In the listing below, find the line containing "Physical models of" and the line containing "ballet flat chocolate suede and black canvas". Repeat exactly those two lines and every line between them, nothing more.

[[ Excerpted data, beginning ]]

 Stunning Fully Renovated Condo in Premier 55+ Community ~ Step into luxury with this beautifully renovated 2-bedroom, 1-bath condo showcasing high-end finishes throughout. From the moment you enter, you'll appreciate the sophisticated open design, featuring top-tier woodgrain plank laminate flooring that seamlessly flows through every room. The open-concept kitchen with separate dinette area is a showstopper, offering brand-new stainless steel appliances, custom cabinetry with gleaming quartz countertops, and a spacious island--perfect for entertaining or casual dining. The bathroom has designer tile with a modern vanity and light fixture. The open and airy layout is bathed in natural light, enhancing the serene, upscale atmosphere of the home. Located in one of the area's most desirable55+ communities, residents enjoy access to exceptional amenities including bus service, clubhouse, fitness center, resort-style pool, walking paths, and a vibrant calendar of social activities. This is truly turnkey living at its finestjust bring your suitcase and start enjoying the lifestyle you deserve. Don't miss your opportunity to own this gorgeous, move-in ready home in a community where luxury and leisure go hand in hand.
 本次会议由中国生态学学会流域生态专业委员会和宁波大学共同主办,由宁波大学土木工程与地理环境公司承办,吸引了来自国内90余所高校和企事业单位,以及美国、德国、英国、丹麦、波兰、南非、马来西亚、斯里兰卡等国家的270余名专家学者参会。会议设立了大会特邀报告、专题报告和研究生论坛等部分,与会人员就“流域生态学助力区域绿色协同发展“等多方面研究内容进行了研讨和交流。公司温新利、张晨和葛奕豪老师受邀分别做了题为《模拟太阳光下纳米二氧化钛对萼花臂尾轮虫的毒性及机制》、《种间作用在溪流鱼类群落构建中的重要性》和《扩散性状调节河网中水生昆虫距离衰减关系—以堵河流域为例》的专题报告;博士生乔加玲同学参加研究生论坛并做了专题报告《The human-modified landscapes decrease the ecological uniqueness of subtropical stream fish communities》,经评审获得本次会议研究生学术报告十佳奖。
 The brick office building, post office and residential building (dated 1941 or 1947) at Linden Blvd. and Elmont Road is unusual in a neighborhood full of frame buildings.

[[ Excerpted data, end ]]
[[ Excerpted data, beginning ]]

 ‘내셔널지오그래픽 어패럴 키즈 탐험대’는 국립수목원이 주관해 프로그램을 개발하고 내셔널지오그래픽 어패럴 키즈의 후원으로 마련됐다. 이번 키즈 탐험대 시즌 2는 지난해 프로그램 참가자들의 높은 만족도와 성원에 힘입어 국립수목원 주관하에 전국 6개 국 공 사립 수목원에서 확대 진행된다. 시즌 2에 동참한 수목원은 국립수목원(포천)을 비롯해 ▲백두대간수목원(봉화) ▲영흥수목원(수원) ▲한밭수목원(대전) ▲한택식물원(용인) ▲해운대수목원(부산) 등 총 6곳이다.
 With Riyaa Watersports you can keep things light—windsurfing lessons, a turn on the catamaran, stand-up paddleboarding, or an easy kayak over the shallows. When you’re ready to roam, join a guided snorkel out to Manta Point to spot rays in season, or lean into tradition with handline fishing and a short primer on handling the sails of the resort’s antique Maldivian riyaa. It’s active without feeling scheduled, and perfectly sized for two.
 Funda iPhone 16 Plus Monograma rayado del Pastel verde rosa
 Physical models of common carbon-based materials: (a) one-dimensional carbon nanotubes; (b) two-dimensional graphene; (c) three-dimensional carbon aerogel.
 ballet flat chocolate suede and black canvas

[[ Excerpted data, end ]]

Task result -
 Physical models of common carbon-based materials: (a) one-dimensional carbon nanotubes; (b) two-dimensional graphene; (c) three-dimensional carbon aerogel.
 ballet flat chocolate suede and black canvas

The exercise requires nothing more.